Unstable Path

Always take the road less traveled.


My family is approaching a major life crossroad: My stepson will graduate from high school next year and heading off to college.  We have all decided a change of scenery would be great for all of us. Our current home doesn’t offer much for his future, and there isn’t much hope of that changing. We’ve decided to move partially to support his education and reduce the likelihood he will start his adult life buried in the same financial debt many of his peers will face.

My wife and I are also looking forward to the opportunities this change can offer all of us, both personally and professionally.  We both languish in our current careers and feel trapped due to the limited opportunities in the area.  Our master’s degrees in our chosen fields should offer hope, but the failing local economy simply does not offer what either of us is looking for.  This has been our home since birth, but we sadly cannot see a positive future for our family here.

After 20 years working for the same company, the time has come to put some real thought behind the next steps in my career. I’ve been all over the map recently, but one theme runs throughout all of it – I want to focus on security. My experience in IT and the energy industry has shown me there are nearly infinite opportunities available. I could pentest, consult, audit, or anything else I can find a position for. How can I find something that suits my experience, desires, and financial requirements?

My current thinking is two-fold: First to commit to moving up the management track. I have a great deal to offer this role: mentorship, leadership, experience. And if anything, I’ve gained a great deal of insight into what not to do.  I’ve witnessed first hand how great leadership can take an organization to new heights, and conversely how failure to keep an eye on the basics can crush an organization from the inside.  I’m actively pursuing projects and training in my current role that further this goal.  My plan is to take not only what I know now, but a good base of ‘boring’ skills which are integral to good management: project management, finance, and communication.  I may need to step my way into the track in a lower role, but I can shoot for the moon until then.
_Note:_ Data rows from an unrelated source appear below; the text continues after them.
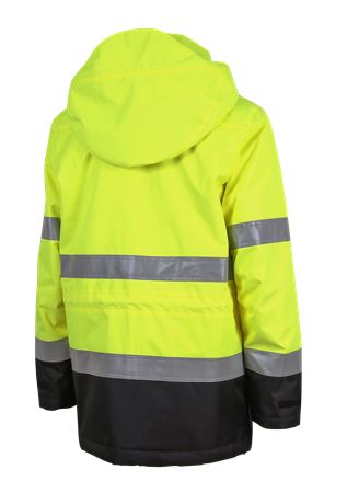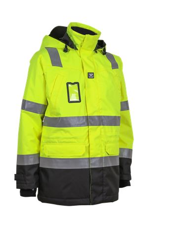 Ekstra refleks over skuldre. Skjult glidelås med Krage med fleece på innsiden, skjult avtakbar hette med stramming tilpasset hjelm, skjult glidelås under frontklaff. 2 brystlommer og 2 fremlommer med klaff. 1 ID-kortlomme, 1 kartlomme med glidelås og mobillomme på innsiden. Vanntett ytterstoff, vattert for, ribbestrikket mansjett med tommelgrep og borrelåsjustering i erme, justering av livvidde, og refleks på torso erme og skulder. Maks logoflate: 20×25 cm.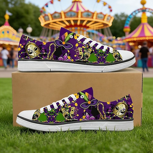 Damen-Sneaker aus Canvas mit Mardi-Gras-Konfetti-Print und Schnürung – stylische und bequeme Freizeitschuhe für Karnevalsumzüge, Ausflüge in den Vergnügungspark, Straßenfeste und sommerliche Alltagsbeschäftigungen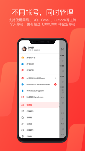 网易126邮箱手机版是一款支持添加其他品牌邮箱app,支持网易136邮箱、126邮箱、QQ邮箱、谷歌邮箱Gmail、新浪邮箱,多种邮箱账户集中管理,支持邮件收发、附件,可跨端、平台接收邮件,支持各种型号手机、平板设备,可以横屏操作,有需要的朋友不要错过了。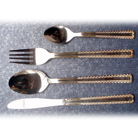 This is a set of gold plated cutlery featuring textured edges. It is plain and good-looking. It is carefully made for extra sturdiness and is durable.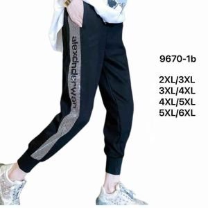 Штани прогулянкові "Kenalin" 9670-11 низ на широкому манжеті +з боків широкі лампаси з камінчиків з написами, з боків кишені, р. 2XL/3XL-(46-50), 3XL/4XL-(48-52) -(чорні)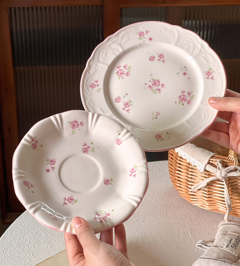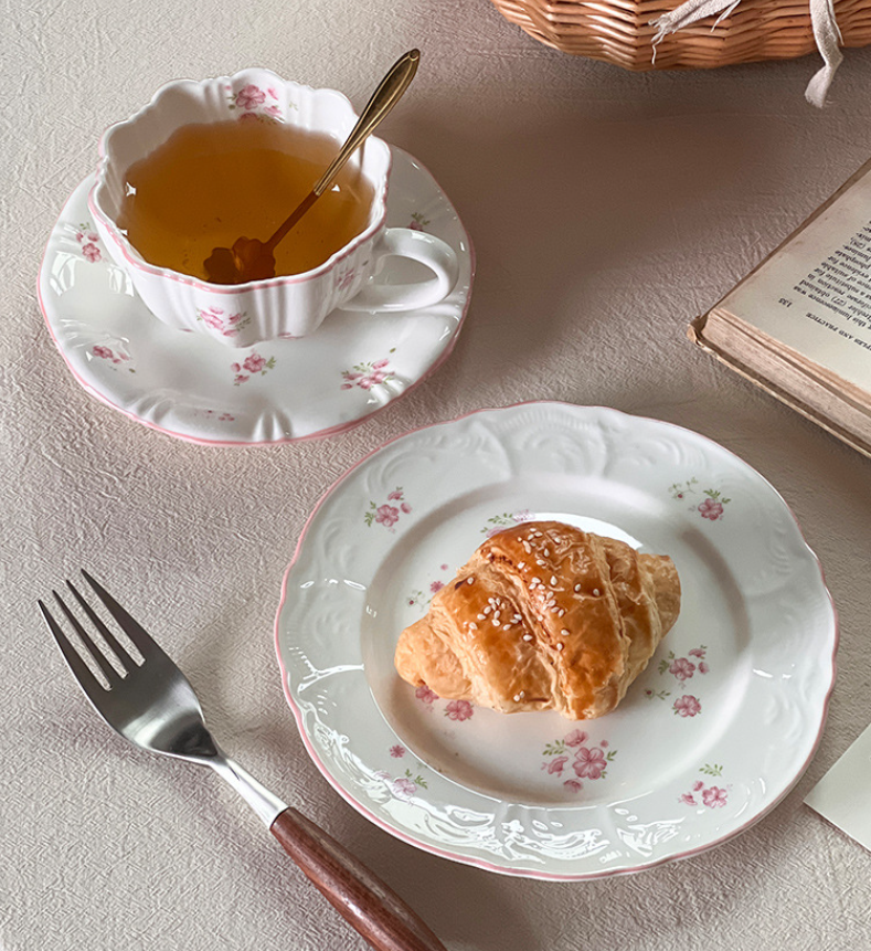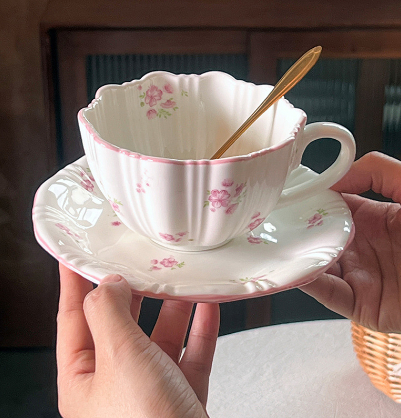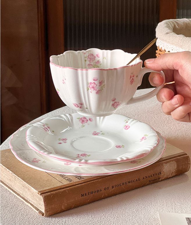 Japanese Style Design Pink Cherry Blossom Design Cute Afternoon Tea Tableware Set - Ceramic Cups And Saucers Set

Second is to commit to a real side hustle which will allow me to make some extra cash to finance my desire to learn other aspects of security. My initial plan is to start some limited vulnerability assessment work, using that to finance learning other aspects of the field such as penetration testing, etc. This blog is part of that effort – I don’t expect to earn any kind of meaningful revenue from it, but I hope to showcase some of my learning and work. I’ve also toyed with the idea of teaching over the years.  The quickest way to learn anything is to teach someone else to do it.

Now comes the scary part – putting this all into action. One step at a time.